- Born: 1962 (age 63–64) Nairobi Kenya
- Citizenship: Based in Houston, Texas, United States.
- Education: Byam Shaw School of Art, London, (1988) Southampton College of Art, Hampshire, England, (1987)
- Occupations: Artist, Painters and Designer
- Notable work: A solo exhibition with the Rebecca Hossack Gallery 2000. Her film My Beautiful Violetta, a collaboration with London musician Sarah Sarhandi in 2003.
- Mother: Errol Trzebinski( née Eryl Jones)

= Gabriela Trzebinski =

Gabriela Trzebinski (born 1962) is an African artist of European heritage based in Houston, Texas, United States.

==Family and early life==
Gabriela Trzebinski was born in Nairobi, Kenya, one of three children, her brothers are named Bruce and Tonio. Her British mother, the writer Errol Trzebinski, who was born Eryl Jones had changed her first name when she married a Polish architect, Sbish (Zbigniew, Waclaw) Trzebinski (died 15 March 2005).

From early childhood, issues of cross culture, race and gender have concerned Trzebinski.

Gabriela attended Byam Shaw School of Art, London, (1988) and Southampton College of Art, Hampshire, England, (1987).

==Art==
In 1995, Gabriela Trzebinski worked both as painter & designer.

In 2000, Trzebinski had a solo exhibition with the Rebecca Hossack Gallery . Later that year, the Rebecca Hossack Gallery represented Trzebinski at artLondon at the Duke of York's Headquarters. Her film My Beautiful Violetta, a collaboration with London musician Sarah Sarhandi was a ten-minute digitised Super 8 film, shown at the Portobello Film Festival, London, in 2003.

A solo show, Gabriela Trzebinski:New Paintings and the "Matatu" Project, took place in 2006 at the George Adams Gallery, New York. In October 2006, she was in the group show, Run for Your Lives! at DiverseWorks, Houston, with paintings depicted in a primitive manner, for example incidents of disaster and war on television screens. One painting ironically titled Clijsters ruled out of U.S. Open shows text on the bottom (in the manner of scrolling news) over an image of blood-spattered walls from a CNN report on the bombing of Beirut. Headlines and logos were similarly incorporated in other subjects, amongst which were U.N. tanks in Rwanda and the disaster zone after Hurricane Katrina. The painting executed in 2006 showed the Lost Boys of Sudan looking out of an aeroplane's windows as the young refugees from Sudan arrived in the United States in 2000.

In December 2007, Trzebinski was one of five artists invited by curator & artist Michael Guidry to exhibit items they prized in the show, Little Known Facts, at the Lawndale Art Center by recreating an area of their studio. She filled the wall space with newspaper cuttings, many of which related to Africa, and also displayed some artwork, resulting in a "fascinating and poignant insider's take" on both Trzebinski's African upbringing and life in the United States as a white African.

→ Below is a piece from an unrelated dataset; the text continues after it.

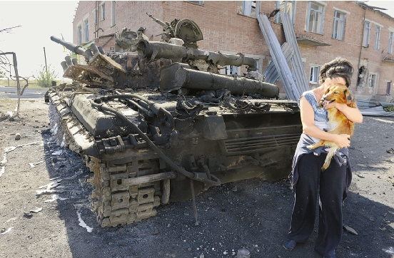 9月6日,在距乌克兰马里乌波尔东北22公里的一处村庄,一名怀抱小狗的妇女站在坦克残骸旁。 新华社发

In April 2008, she took part at the Contemporary Arts Museum Houston in "Slide Jam", a monthly presentation by the museum's education program. Houston Area Exhibition of the best local Houston artists, held every four years at the Blaffer Gallery on campus at the University of Houston. Her brutal imagery, derived from her intense experiences of multiculturalism in Africa, showed political oppression, sex, mutilation and death. My Daddy Is a Tranny, discusses old Swahili customs in reference to yearly festivities and the occasional ambiguous dress code of street performers along the East African Kenyan coast, namely on the island of Lamu.

In 2008, Trzebinski was one of the people honored at the tenth anniversary annual fundraising dinner of the Aurora Picture Show, Houston, for their support and influence.

In Disturbance of Distance, a show curated by Eleanor Williams at the art space Box 13, Houston, in February 2009, Trzebinski showed The Burning of Hides, a newly re-edited Super-8 film of a burning pyre of animal hides and game trophies. This controversial event took place in Nairobi National Park, on the outskirts of Nairobi's city center, Kenya. In 1989 as a government's protest against the widespread poaching of wildlife, administrators arranged the destruction of all game trophies that were held in storage. Prior to this the Kenyan government burnt the ivory of over 2000 elephant at the same venue and for the same reason.